For the summary, I have a database full of tables for each set of 50,000 devices. But, each device there is data similar to this:
("DevID") I,V,P I,V,P I,V,P ...
("DevID") WL,P WL,P WL,P ...
Totaling to 126 (~882 chars) data points for the first line and 12000 (~102,000 chars) data points for the second line. What would be the best way to store this information? Create a table for each and every device (this seems unruly)? Is there a data type that can handle this much info? I am just not sure.
Thanks!
EDIT: Updated ~char count and second line data points.
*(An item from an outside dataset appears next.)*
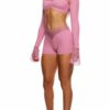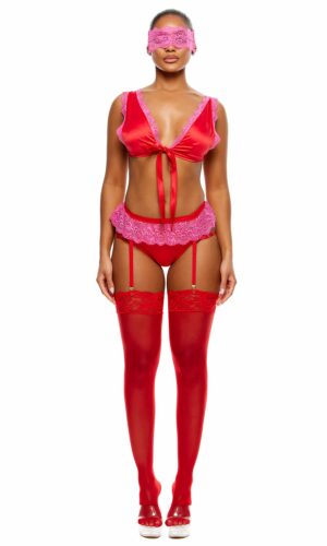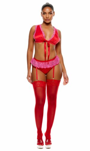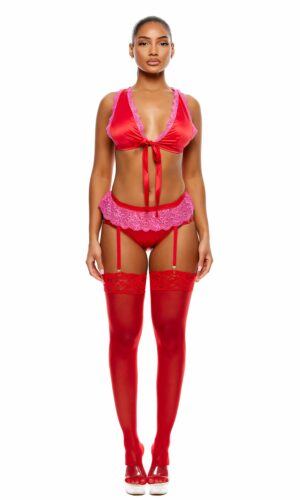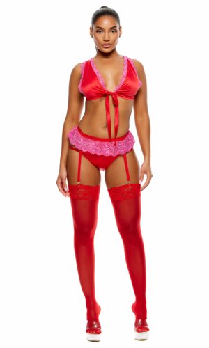 No Strings Attached Satin and Mesh Lace Trim Bra and Garter Belt Lingerie Set – Red Pink

You could just normalize everything into one table
CREATE TABLE device
( id BIGINT AUTO_INCREMENT PRIMARY KEY
, DevID INT
, DataPoint VARCHAR
, INDEX(DevID))
Psudocode obviously, since I don't know your exact requirements.
Does this data represent a series of readings over time? Time-series data tends to be highly repetetive. So a common strategy is to compress it in ways that avoid storing every single value. For example use run-length encoding, or associate time intervals with each value instead of single points.